Geradezu merkwürdig, dass wir diesen Film in den bisher neun Jahren unserer Filmkritiken für den ersten Wahlberliner, für Rote Sonne 17 und den zweiten Wahlberliner noch nie angeschaut haben, aber doch das Gefühl hatten, wir kennen uns schon ganz gut aus. Vermutlich lag es an „Affäre in Trinidad“, der sechs Jahre später entstand und die Magie von „Gilda“ wiederaufleben lassen wollte.

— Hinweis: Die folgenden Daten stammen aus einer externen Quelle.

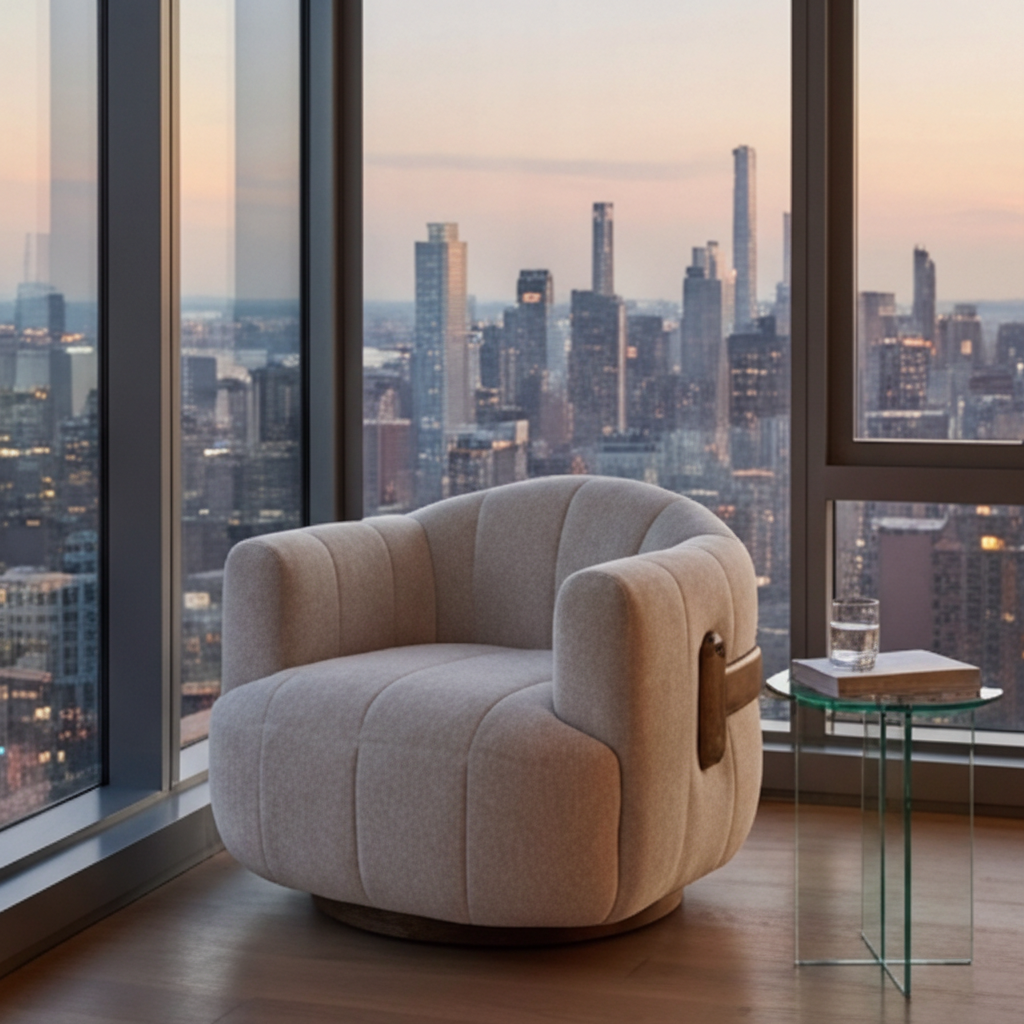 Cream Channeled Swivel Lounge Chair | Splendido Tadeo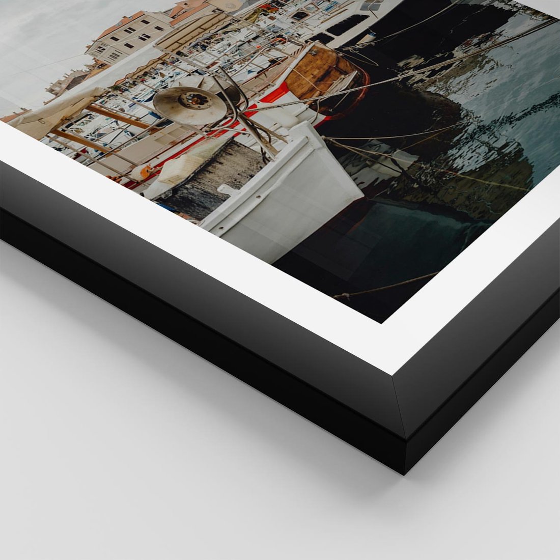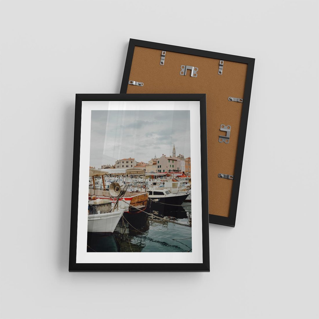 Poczuj atmosferę malowniczego krajobrazu morskiego za pomocą obrazu przedstawiającego morze, łódki i port. Ożyw swoje wnętrze spokojem i siłą oceanu.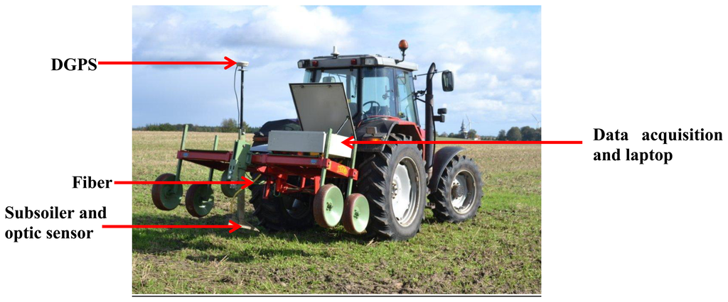 On-line vis-NIR soil sensor (Figure 1) developed by Mouazen [16] was used in this study. It consists of a medium-deep subsoiler, which penetrates the soil to a required depth, making a trench, whose bottom is smoothened by the downwards forces. It was set up to a frame, which was mounted on the three-point linkage of a tractor (Figure 1). In order to measure soil spectra in diffuse reflectance mode, an AgroSpec mobile, fibre type, vis–NIR spectrophotometer (Tec5 Technology for Spectroscopy, Oberursel, Germany) with a measurement range of 305–2,200 nm was used. It is fast, precise and robust, without moving parts, which makes it suitable to be permanently aligned on mobile machines. The light source is a 20 W tungsten halogen lamp illuminating the soil surface. The spectrometer was IP 66 housed, protected for harsh working environments [11]. A differential global positioning system (DGPS; EZ-Guide 250, Trimble, CA, USA) was used to record the position of the on-line measured spectra with sub-meter accuracy. A semi-rugged Panasonic laptop was used for control, data logging and communication. The spectrometer system, laptop and DGPS were powered by the tractor battery.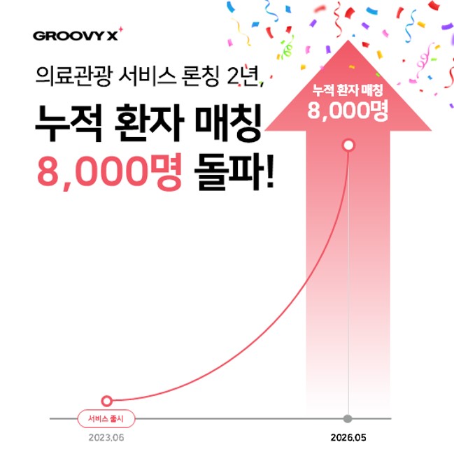 중국통 의료관광 서비스 스타트업 ‘그루비엑스’(GroovyX, 대표 권규범)가 서비스 출시 이후 병원과 의료관광객 간 누적 매칭 8,000건을 돌파했다고 10일 밝혔다. 의료관광 산업에서 2년 만에 이룬 성과로는 이례적인 기록이다.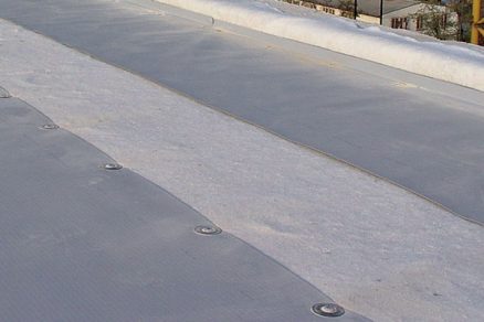 | Obr. 3 Následky nesprávne aplikovanej homogénnej fólie, ktorá sa nezabezpečila proti vnútorným silám | Obr. 5 Mechanicky kotvená heterogénna mPVC fólia |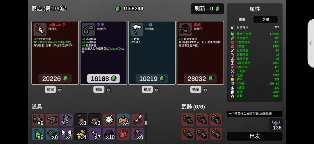 3、26波开始转土豆发射器,后面商店只卖眼球(适量)、花园、狩猎战利品、护垫、水熊虫、义警戒指,boss关靠拿消耗品触发的爆炸打伤害。

Was ihm nicht ganz gelang, trotz derselben Hauptdarsteller, desselben Paares, das in „Gilda“ eine Hassliebe zelebrierte, wie man sie selten auf der Leinwand dargeboten bekommt. Im realen Leben eher, aber eben in einer Form, die sich auf 90 Minuten schwer verdichten und glaubwürdig darstellen lässt. Ist dieses Gefühl denn generell glaubwürdig? Ja. Ist es. Eben nicht derart komprimiert, aber mindestens so intensiv. Und die psychologischen Hintergründe, die sind in solchen Fällen immer sehr interessant. Sie müssten nicht so gestrickt sein wir auf eine sehr exploitative und die Psychoanalyse etwas auf Kreisliga-Nveau herunterbrechende Weise, wie es in „Gilda“ auf den ersten Blick den Anschein hat. Friktionen, Frustrationen, selbstzerstörerische Muster, die könnten andere sein, bei den Protagonisten eines Hassliebe-Melodrams. Wer behauptet, Hollywood-Gefühlsdarstellung sei kitschig, der soll mal sein Privatleben, so über die Jahre betrachtet, reflektieren.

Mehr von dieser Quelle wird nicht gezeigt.